In this section we will explore how you can fine-tune these resources and the associated ramifications of doing so. For consistency with previous section, we will split this into a couple of different subsections:

  • what happens when you don’t set the task size (a configuration available for the EC2 launch type only)
  • what happens when you do set the task size (a configuration available for both the EC2 and the Fargate launch types
Task size not set Task size set
Can be used with the EC2 launch type Yes Yes
Can be used with the Fargate launch type No Yes

Note: while you could configure a task size for a dimension but not the other (for example, you configure the size of memory but not the size of CPU), for the sake of simplicity the discussion below assumes that either you set both or none. You could easily extrapolate what happens if you only set one dimension by merging the two scenarios below.

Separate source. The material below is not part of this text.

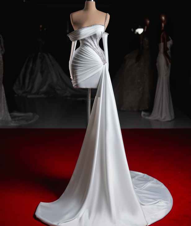 The gown’s one-shoulder design adds a contemporary twist, offering an asymmetrical allure that highlights the collarbone and shoulders beautifully. Delicate yet daring, this silhouette exudes confidence and charm. The structured bodice is adorned with hand-applied silver stones, meticulously arranged to create a celestial shimmer, catching the light with every movement.

1 – Containers resources configurations with no task size configured

This is how ECS has historically worked. As a reminder, this configuration is NOT supported with the Fargate launch type (that is, you can’t use Fargate if you don’t configure the size of the task). As a result, this configuration is only available with ECS on EC2.

In this scenario, the task is just an unlimited logical boundary and everything resources-related is about the individual containers configuration (across all tasks) and the amount of physical capacity available at the EC2 container instance level.

As we hinted in the previous section, containers running in such task must have at least either a soft memory limit or a hard memory limit.

When you set the soft memory limit, you are essentially reserving memory capacity on the host your task lands on. It goes without saying that the sum of the soft memory of all containers in all the tasks running on a given EC2 instance, cannot exceed the physical memory available for that instance. Since you are reserving memory, all that memory (regardless of actual usage) must be there for the tasks (and the containers) to be able to start. Note this is just physical memory, not any additional swap space you may have configured through the new maxSwap option we recently announced. While the new feature allows the container to swap if configured properly, it does not include accounting for swap usage in the scheduling phase; swap is not treated as a resource for the ECS scheduler.

Note: if you are planning to use the new swap feature makes sure you enable it on the EC2 instances you are using. The ECS-optimized AMI does not have swap enabled by default. Please refer to the documentation for a full list of considerations to use this new feature.

When you set the hard memory limit you are setting an upper boundary for the container. You are essentially saying that the container cannot use more than that amount of memory (“if you will ever need memory, you won’t be able to go beyond this value anyway.”) Because of how the ECS scheduler works, tasks that do not have a memory size configured that include containers with hard memory limits that go beyond the amount of memory available on the host, will still be scheduled and started. The ramification of this behavior is that, effectively, the upper boundary memory limit at task run time becomes the memory available on the host rather than the hard limit set at task configuration time.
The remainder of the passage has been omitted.